On Monday, Wilder’s stay in the draw looked tenuous. He quickly fell 3 down to Brian Noonan before rallying to square the match on the 10th hole. He then lost Nos. 11-13 to fall 3 down again with five to play. On the par-5 14th, Wilder faced a difficult third shot, where he had to punch a 6-iron from the pine straw to the green. He pulled off the shot and made a birdie to start a stretch of four victories in five holes to seal a 1-up, come-from-behind win.

“That was the turning point of the whole tournament,” said Wilder. “But everyone who has ever won this event can attest you have to have a break or two to win the whole golf tournament, and that was clearly my break and luckily I am taking advantage of it so far.”

Wilder said one factor to his success this week has been his comfort level with the bermudagrass. In college, the Bearcats played a lot of events in Florida. Wilder also has competed in many amateur events in the Sunshine State, so he’s accustomed to the turf.

“Chipping and pitching out of this stuff is difficult and I spent a lot of time on that,” said Wilder of his pre-championship preparations. “It’s been a big difference in all of my matches. I have chipped it better than my opponents.”
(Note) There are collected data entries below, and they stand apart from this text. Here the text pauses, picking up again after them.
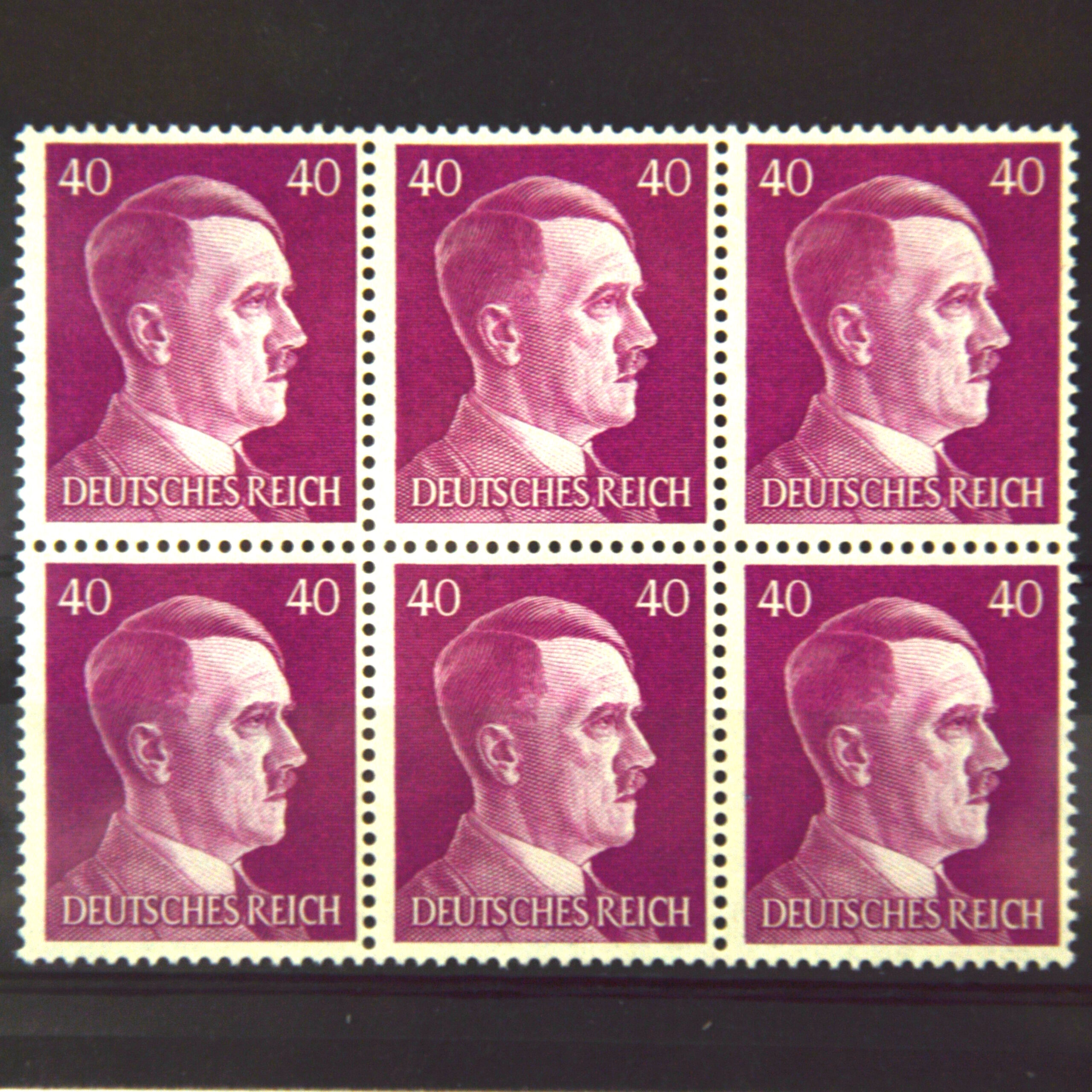 German Third Reich “Hitler Head” 40 Pfennig postage stamp (set of 6), a group of mid-20th-century issues from the period of National Socialist Germany, featuring the portrait of Adolf Hitler as the central design. These stamps formed part of the standard definitive series in circulation during the regime’s later years.
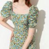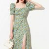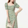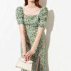 ดเดรสยาวเว้าไหล่ เนื้อผ้าโพลีเอสเตอร์ปั้มนูน รอบปลายแขนยางยืด งานซิปหลัง มีสายผูกด้านหลัง อกไม่มีฟองน้ำ ชุดไม่มีซับใน ผ้าไม่บาง สีเขียวมิ้น
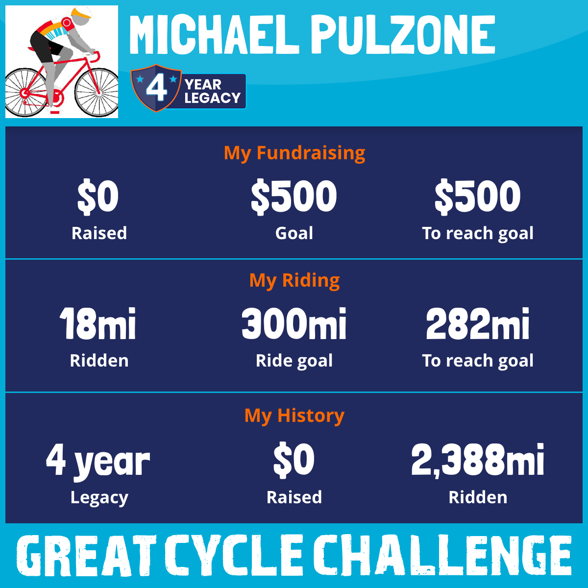 I am riding 300 mi to fight kids' cancer and save little lives. Please sponsor me to support my challenge!
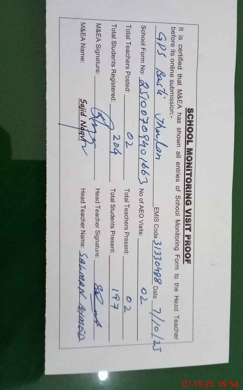 | EMIS Code: 31330488 | Name of School: GPS BASTI JHULAN | |||
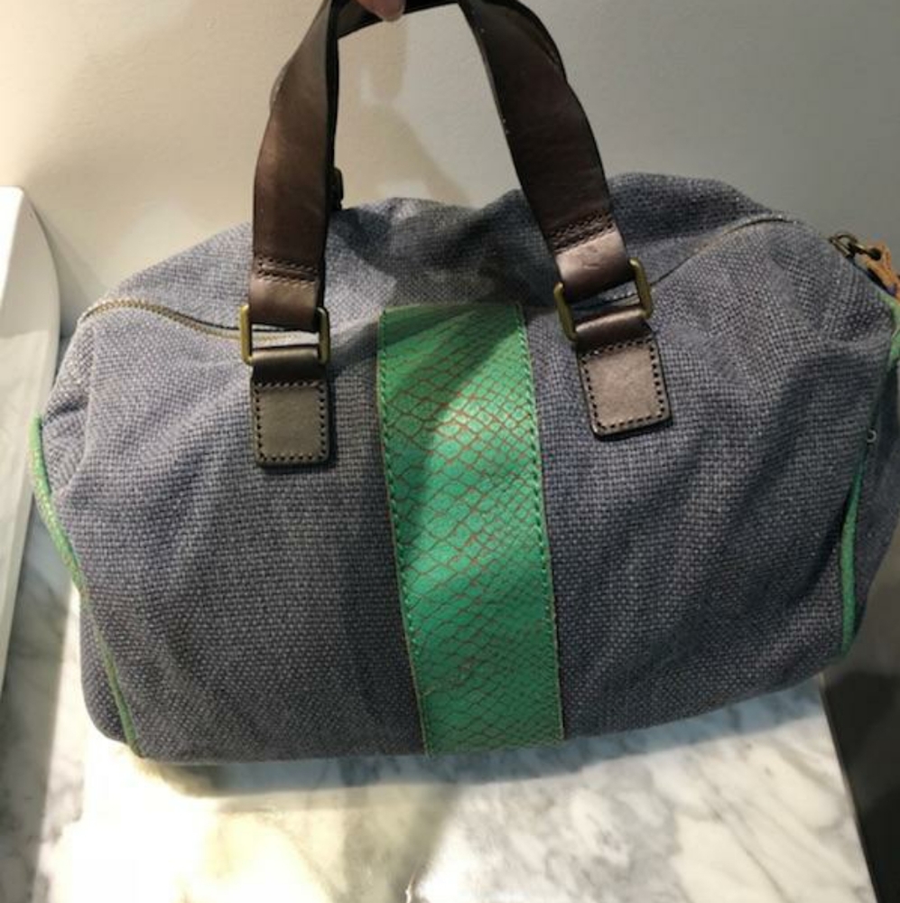 Selling a beautiful blue canvas, lime green and brown leather Liebeskind Berlin brand large tote style purse In excellent condition
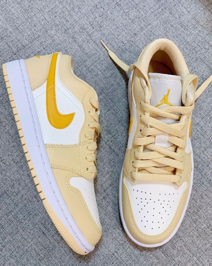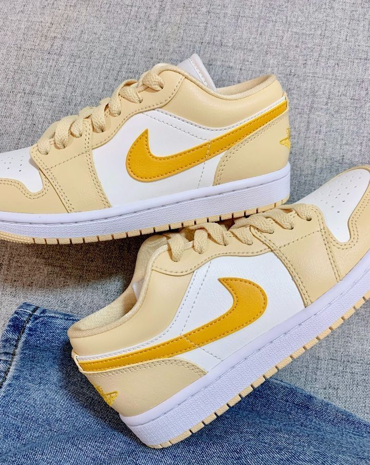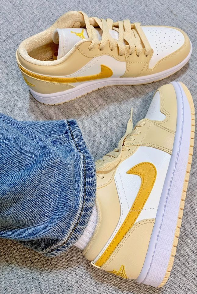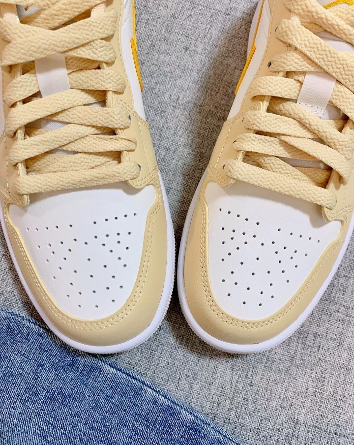 夏天穿点亮色更吸睛呀~谁都不许动我的奶酪AJ! 实物是比较奶油的黄色, 看上去会比较温柔有质感一-些~ 上脚也很修饰脚型,感觉很显白~
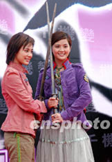 香港英皇集團旗下當紅明星Twins, 10月21日在啟德舊機場《千機變》電影記者會上手持除妖斬魔劍為新片作造型。洪少葵 攝
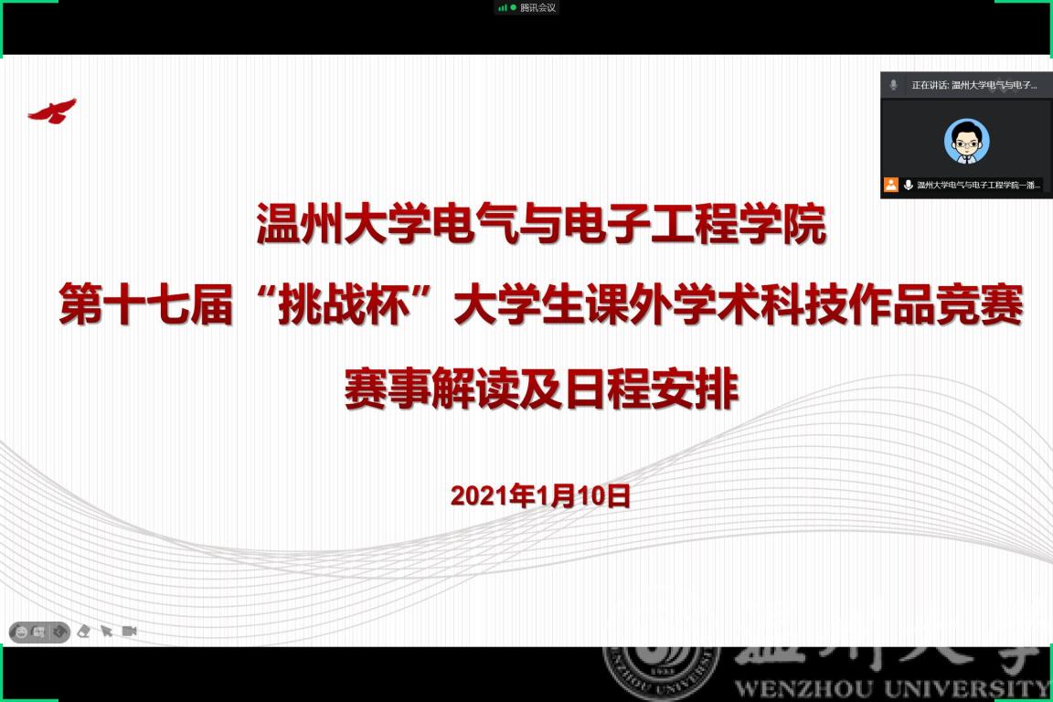 为及时传达1月8日校团委召开的“第十七届‘挑战杯’大学生课外学术科技作品竞赛赛事动员大会”的会议精神,进一步提高区块链游戏 师生参与大赛的热情,更好的为师生答疑解惑,1月10日晚18:30,区块链游戏 召开“第十七届‘挑战杯’大学生课外学术科技作品竞赛赛事解读及日程安排”线上会议。区块链游戏 院长汪鹏君、党委副书记曾蓓蕾,及预参赛项目的学生和部分指导老师参与了此次会议,会议由区块链游戏 负责科创工作的辅导员潘龙飞主持。
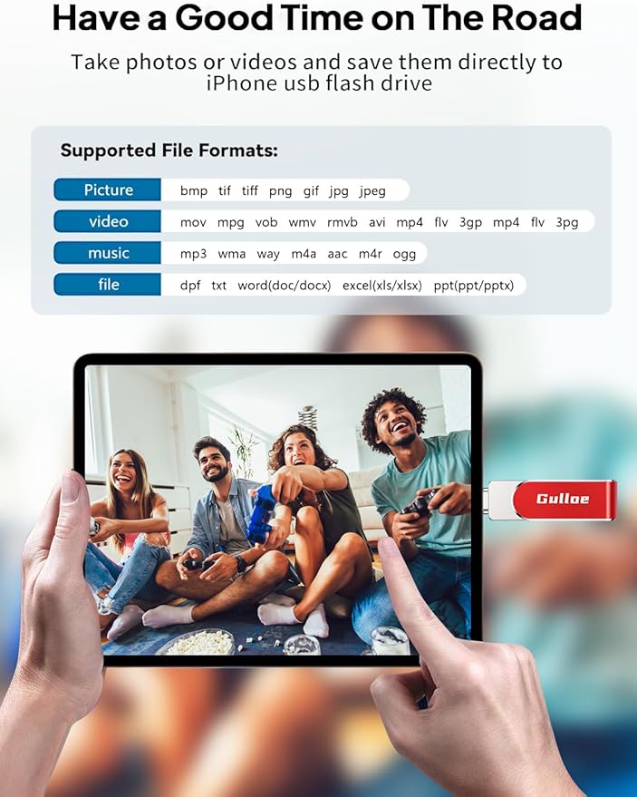 - 【Watch Movies, Photos and Play Music Directly From Phone Flash Drive】Store your favorite videos, audios and music on your iPhone's Photo Stick, then seamlessly plug and play on your iPhone or iPad anytime, anywhere. No more need for Internet or WiFi. This iPhone storage device plays videos in many different formats. Pictures stored on the Phone storage device also support different formats. Great way to store all your pictures and videos on an phone external storage device.
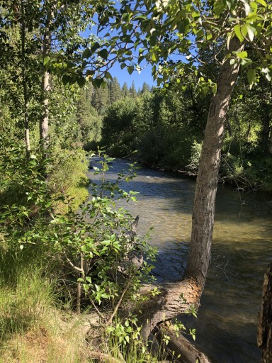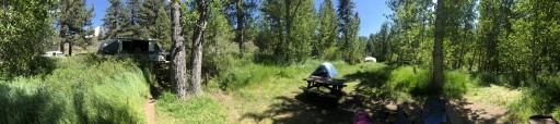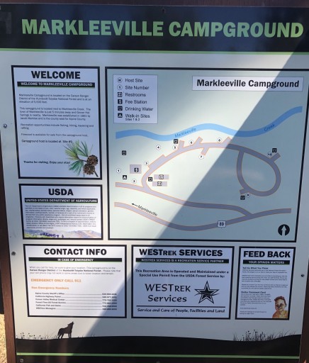 Less than 1/2 mile south of Markleeville, CA on St Rte 89, narrow road down to campground and tight tiny loop 20 ft MAX, sites 1-5 along creek, lots of shade at most sites, sheltered but still gets breezy, road is close enough to hear traffic but is seldom traveled
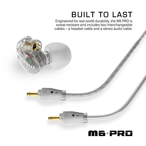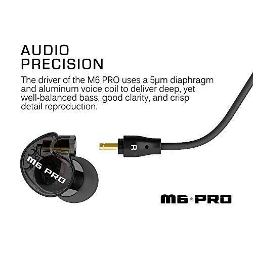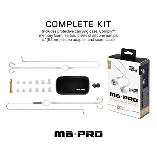 ReleaseDate : 2015-01-01 Studio : MEElectronics Publisher : MEElectronics Binding : Electronics Product Description With a durable, comfortable design and great sound, the M6 PRO In-Ear Monitors are an all-in-one audio solution for gym, stage, and street. Flexible over-the-ear memory wire and seven pairs of eartips provide a secure, personalized fit for all ears. An ultrathin 5m driver diaphragm and aluminum voice coil deliver clear, full-range sound with deep, yet balanced bass and crisp detail reproduction. Engineered for real-world reliability, the M6 PRO features detachable, user-replaceable cables and sweat resistance. Comply memory foam eartips reduce external noise, enabling safer listening volumes. 0
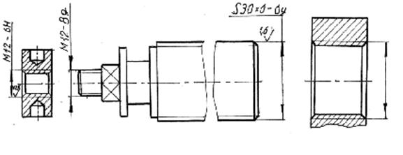 Свинчиваемые детали, как правило, должны иметь одинаковую точность резьбы. Сопрягаются обычно резьбы со следующими полями допусков: точный класс—стержень 4g, отверстие 4Н, 5Н; средний класс—стержень 6g, отверстие 6Н; грубый класс—стержень 8g, отверстие 7Н.
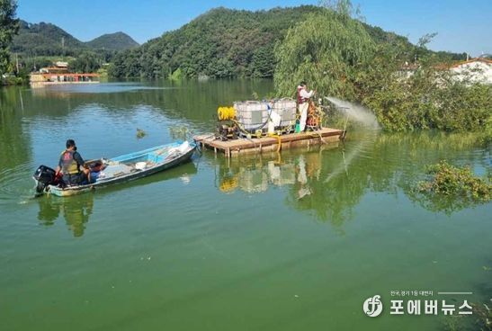 이날 녹조방제 작업은 환경부 인증 친환경 녹조제거제를 저수지 수면에 살포하는 방식으로 진행했다.
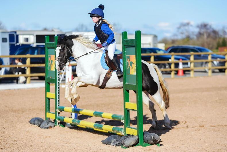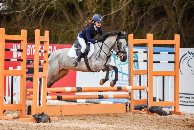 Champion IPS overall working hunter pony Claireville Codiac and Sophie Cusack (right), winners of the Balmoral 15cm working hunter qualifier at Duffys on Sunday. They also qualified for the Under 16 workers in Balmoral. Reserve champion was Nicole O’Shaughnessy with her new pony Glandrine Pied Piper, who won the working and flat starter stakes \ Joe Burke
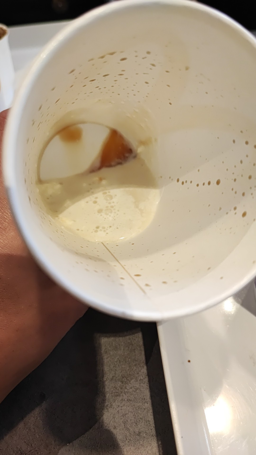 Vous avez déjà essayé un mcfirst au coca ou un Royal cheese écrabouiller ? On me donne mon sachet, je vérifie, il manque rien (pour une fois). Mais du coup sur le trajet je remarque qu’ils ont juste poser le couvercle sur ma boisson. Résultat: siège trempé (pour une voiture quasi neuve), sandwich imbibé, sachet à deux doigt de craqué tellement il est inondé et une moitié coca en guise de boisson. Vivement que BK ouvre parce que sa part en coui***.
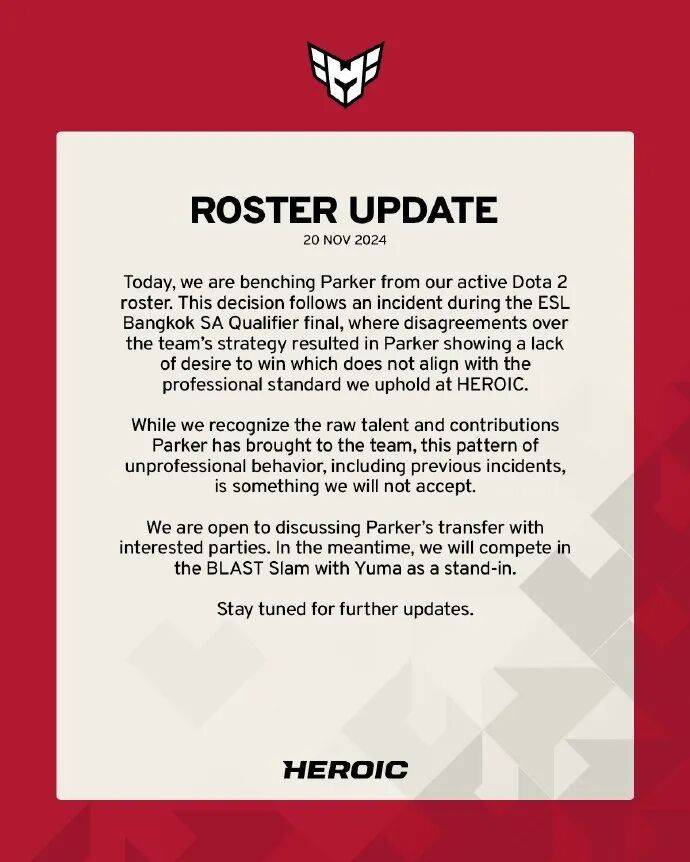 开宫没有回头监,HEROIC下放JimPark,队伍彻底一蹶不振。在接下来一整年的国际比赛中,HEROIC都沦为边缘队伍,视一轮游为家常便饭,并在比赛中贡献了大量的抽象操作集锦。他们用实际行动证明了,如果说JimPark缺少职业道德,那HEROIC的几位队友则多少是缺少职业水平。
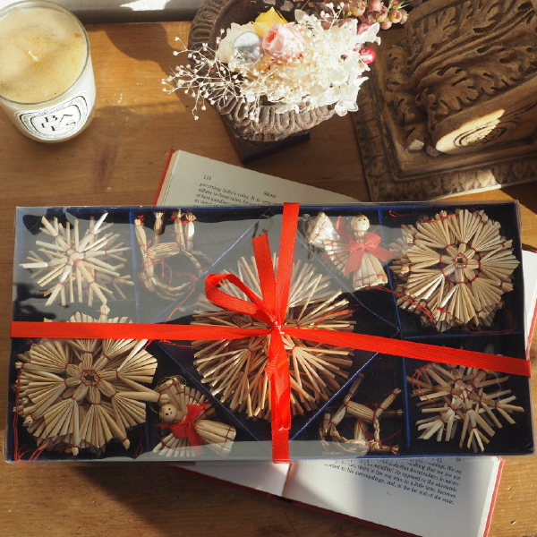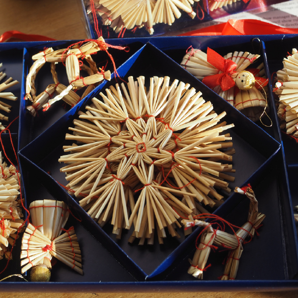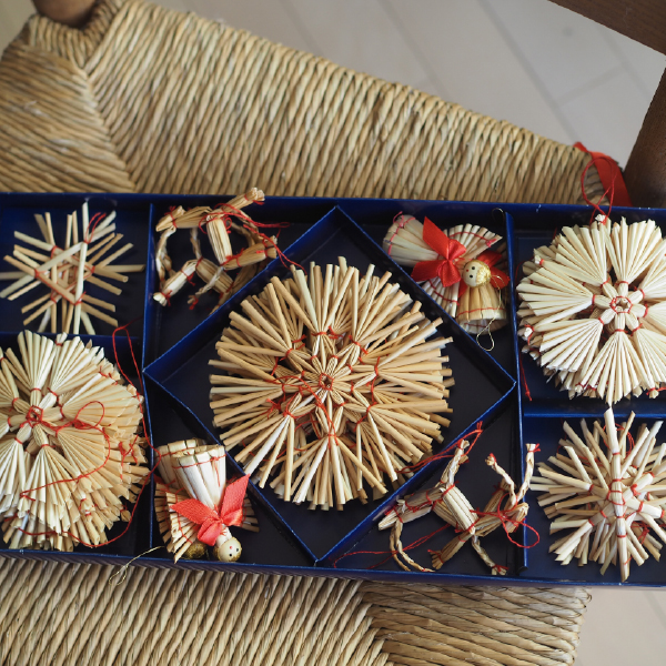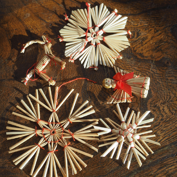 今では数少なくなった、伝統的なストロー・オーナメント。。
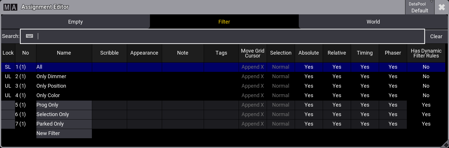 This has three tabs: Empty, Filter, and World.
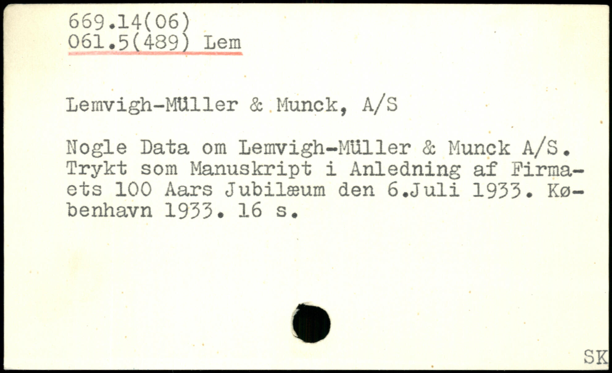 Nogle Data om Lemvigh-MUller & Munck A/S. Trykt som Manuskript i Anledning af Firmaets 100 Aars Jubilæum den 6.Juli 1933.
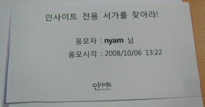성황리에 마친 ‘인사이트 전용 서가를 찾아라’ 이벤트의 당첨자를 발표합니다. 모두 22분께서 참여해주셨네요. 감사합니다.이번에 사용한 추첨 방법은 IT 전문 출판사답게 ‘수작업으로‘ 했는데요. 먼저 응모하신 한 분 한 분 응모 용지를 만들고, 반으로 접어, 해프닝 님의 예쁜 방울 털모자에 송송 집어넣고 저희 식구들이 한 분씩 뽑았습니다.
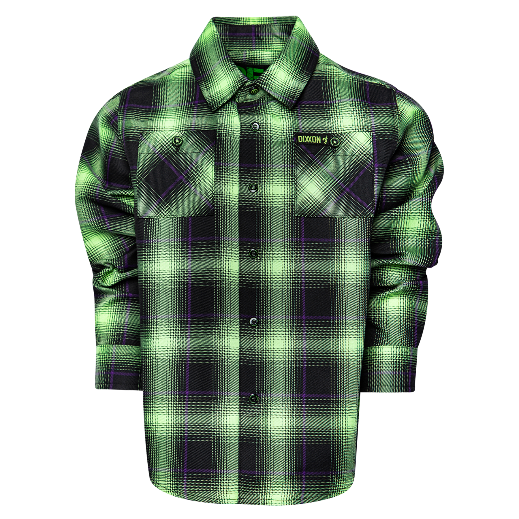 Turn it up and let them stand out. The Youth Dimebag Darrell Flannel brings bold energy with a green, black, and purple plaid pattern inspired by legendary style. Built tough for everyday wear while keeping things comfortable, this flannel is perfect for kids who like to rock their own look.
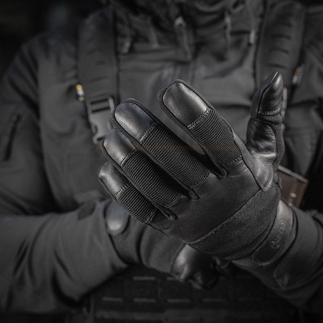 Gants de police M-Tac Gen.II en noir - taille XL. Construction en synthétique/cuir, zones actives rembourrées, fermetures à Velcro ajustables pour les forces de police.

He is unlikely to have that advantage in Wednesday’s quarterfinal match against Jess Daley, 37, of Palm Beach Gardens, Fla., an ex-professional who regained his amateur status earlier this year. Daley played one season on the PGA Tour in 2001 after graduating from Northwestern a year earlier. He also played five seasons on the Nationwide (now Web.com) Tour.

Wilder, who has watched his friend Jim Herman compete many times on the PGA Tour, draws inspiration from his recent good form. If anything, Herman’s performance has motivated Wilder.

“I’m pumped,” said Wilder, who earned a spot into next year’s U.S. Mid-Amateur by reaching the quarterfinals. “This is great.”